**Record excerpts**
* * * * * * * * *
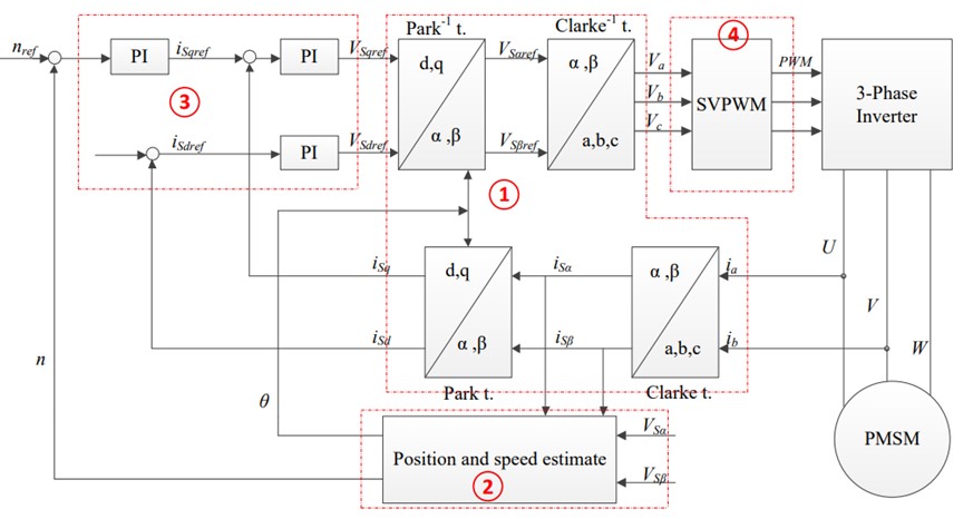 FOC控制框圖如圖5所示,其中包括:①坐標(biāo)變換,包括Clarke/Park變換和Clare/ Park逆變換②位置和速度估計(jì)算法③PI控制,包括兩個(gè)電流(d/q軸電流)PI環(huán)路和一個(gè)速度PI環(huán)路④SVPWM模塊。
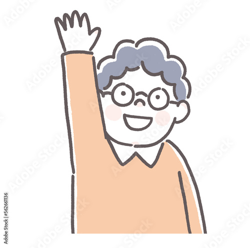 © Tomo Miura, Obraz premium 手を挙げる男の子
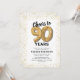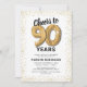 Förhöj din milstolpsfirande med våra eleganta inbjudningar till 90-årsfest! Med en mångsidig vit bakgrund, guldglittrande glitter, nittio charmiga guldheliumballonger och en trendig 90-års text som är enkel att anpassa! Lägg till din unika touch på denna speciella dag och låt dina gäster se fram emot en minnesvärd händelse.
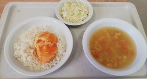 Menü: Daragaluskaleves, Natúr csirkemellfilé párolt rizzsel és káposztasalátával
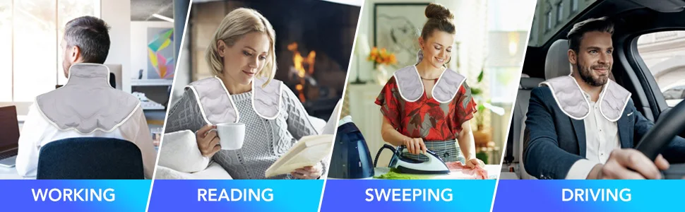 1. Гипертермия или холодная терапия-гипертермия и холодная терапия помогают облегчить боль в шее, плечах и спине. Гипертермия обеспечивает глубокий комфорт во всей области мишени, снимает напряжение, давление и боль. Вам нужно только нагреть горячую и влажную грелку в микроволновой печи для гипертермии. Холодная терапия ограничивает кровеносные сосуды к мышцам и окружающим тканям, тем самым эффективно уменьшая отеки. Охладите шейные и плечевые обертки микроволновой печи в морозильной камере для холодной терапии.2. Подогнать контуры тела и держать его на месте-разработан с высоким воротником, Экстра широкими плечами, удлиненным нагрудным чехлом и задней стороной дизайн, эта грелка для шеи подойдет для шеи и плеч, что делает вас абсолютно комфортным. Поскольку вес наполнения равномерно распределен, взвешенная нагревательная обертка для шеи может поддерживать баланс и поддерживать стабильность шеи и плеч, поэтому усовершенствованная конструкция, как правило, применима к большинству типов тел.3. Легко использовать в любое время и в любом месте. При работе за столом, сидя на диване, готовя еду или даже за рулем, эта грелка для шеи или охлаждающая упаковка обеспечивает больший комфорт.
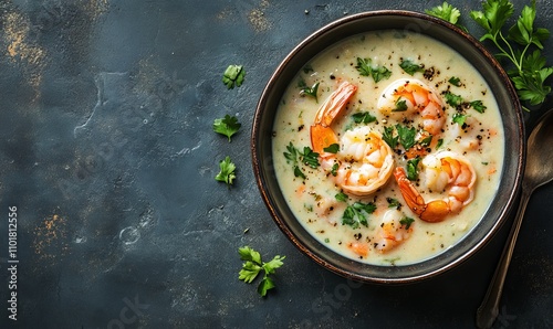 Cream soup with shrimps in a bowl on rustic background, view from above
* * * * * * * * *
**Task objective**
Copy word for word every line from the start of the material through the line holding "Menü: Daragaluskaleves, Natúr". The pictures are not part of the copy.

**Answer below**
 FOC控制框圖如圖5所示,其中包括:①坐標(biāo)變換,包括Clarke/Park變換和Clare/ Park逆變換②位置和速度估計(jì)算法③PI控制,包括兩個(gè)電流(d/q軸電流)PI環(huán)路和一個(gè)速度PI環(huán)路④SVPWM模塊。
 © Tomo Miura, Obraz premium 手を挙げる男の子
 Förhöj din milstolpsfirande med våra eleganta inbjudningar till 90-årsfest! Med en mångsidig vit bakgrund, guldglittrande glitter, nittio charmiga guldheliumballonger och en trendig 90-års text som är enkel att anpassa! Lägg till din unika touch på denna speciella dag och låt dina gäster se fram emot en minnesvärd händelse.
 Menü: Daragaluskaleves, Natúr csirkemellfilé párolt rizzsel és káposztasalátával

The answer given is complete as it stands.